この根本的な原因は、海外からの日本市場の見られ方に問題があるのではないかと思っています。実際、当社に海外の製薬メーカーやバイオテックから相談を受ける中で「自社製品を日本でも売り出すべきか?」と度々尋ねられます。日本の医薬品市場は世界第3位でで、GDPも高く、医療制度も成熟しているので、私にとって当然「イエス」の問いです。なので、質問されるのがすごく不思議でした。詳しく話をお伺いすると、どうやら海外に日本の医薬品市場の魅力が伝わっていないようなのです。

その理由として、言語の壁があって薬価算定のルールが深く理解できていないということもありますが、それ以上に「毎年の薬価改定」というキーワードが独り歩きしているようです。

海外の製薬企業やバイオテックなどの企業は一番大きな市場である米国市場を見据えています。米国では、政府が薬価算定を主導することはなく、製薬企業が薬価を決める主導権をもっています。それと比べると、政府が介入し価格が毎年下げる方向で改定される「日本の改定ルール」がネガティブなものに映っているようです。

日本には、一定の条件を満たした新薬に加算される新薬創出加算※ルールもあるのですが、海外企業に伝わっていません。こうした日本の制度の現状と海外企業の認識のギャップを埋めるためには、制度に関する事実を伝えるコミュニケーションを活発化させていくべきではないかと感じています。

※ 新薬創出加算(新薬創出・適応外薬解消等促進加算):薬価改定時に一定の条件を満たした新薬に与えられる加算のこと。特許が切れるまで薬価を維持したり、下がりにくくしたりすることで、革新的新薬の創出を加速させることを目的とした制度。

これからのテーマは「生活の質」「人生の質」の向上

超高齢社会は世界の歴史上初めてのことです。これまで人は高齢になる前に亡くなっていたわけですが、医療の進歩や社会保障の発達によって長生きできるようになった日本の社会を、私は本来誇るべきものだと思っています。

超高齢社会は労働人口の減少や経済成長の鈍化など、経済的な負の側面が課題としてよく取り上げられますが、私は機会と捉えることもできると思っています。年を重ねると資産が増え、潜在的な自由裁量所得(比較的自由に支出に回せる所得)が増えるという事実があります。これを論理的に考えると、消費が全体的に増えることが可能性としてあげられると思います。その中で製薬企業は、この機会を逃さずに社会に貢献することが求められると思います。
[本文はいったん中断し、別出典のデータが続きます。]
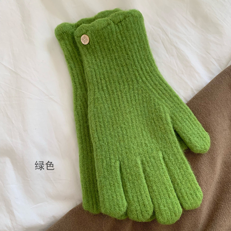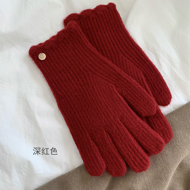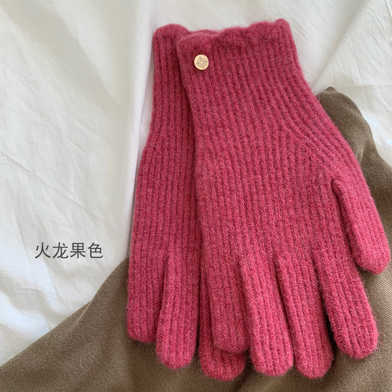 수출 한국 소프트 왁스 솔리드 컬러 레이스 울 장갑 여성의 겨울 따뜻한 니트 5 손가락 터치 스크린 장갑스토어 가기

これまでは、健康状態を「健康」か「病気」の白か黒かの世界で捉え、病気を治療することがミッションとなっていました。しかし、この考え方は過去のものだと思っています。これから製薬業界は、命と向き合う産業であることを再認識し、健康状態を白から黒のグラデーションで捉えなおし、人生や生活の質を向上させることを新たなミッションとする必要があります。そのためには、これまでの病気を治す考え方から脱却し、新しい概念を持つ必要があり、それにはバイオロジーへの深い理解はもちろん、患者や生活者一人ひとりの自らの意思による行動をサポートすることが求められていると思います。

実際、デジタルセラピューティクスやデジタルアプリを通じて薬を定められたとおりに飲んでもらうことで治療効果を最大化するといった取り組みも進められています。これがさらに進化すれば、アプリを通じて睡眠の質を向上させたり、食事や運動といった規則的な生活習慣をサポートするようなものが出てくるのではないかと思います。どんな人にとっても、こういったサポートがあった方が生活の質が上がるはずで、今後、あらゆる健康状態を対象に生活の質を上げる製品・サービスの開発が製薬企業に求められるようになると考えています。

製薬業界は、人の命、生活の質、そして人生そのものに深く関わる業界です。命ほど神秘的で価値があるものはなく、その命を救うために倫理的な行動や意思決定が求められます。命と向き合うビジネスだからこそ、高い倫理観を持つことが重要です。その上で各社が明確な価値観を持つことで、どんな課題に直面しても正しい選択が可能となります。

業界に携わられている皆さまは、これからも倫理観、価値観を大事にしながら命と向き合い、誇りを持って価値を創出されていくと思います。その歩みの中で、世界を次のステージに導いていただきたいと思います。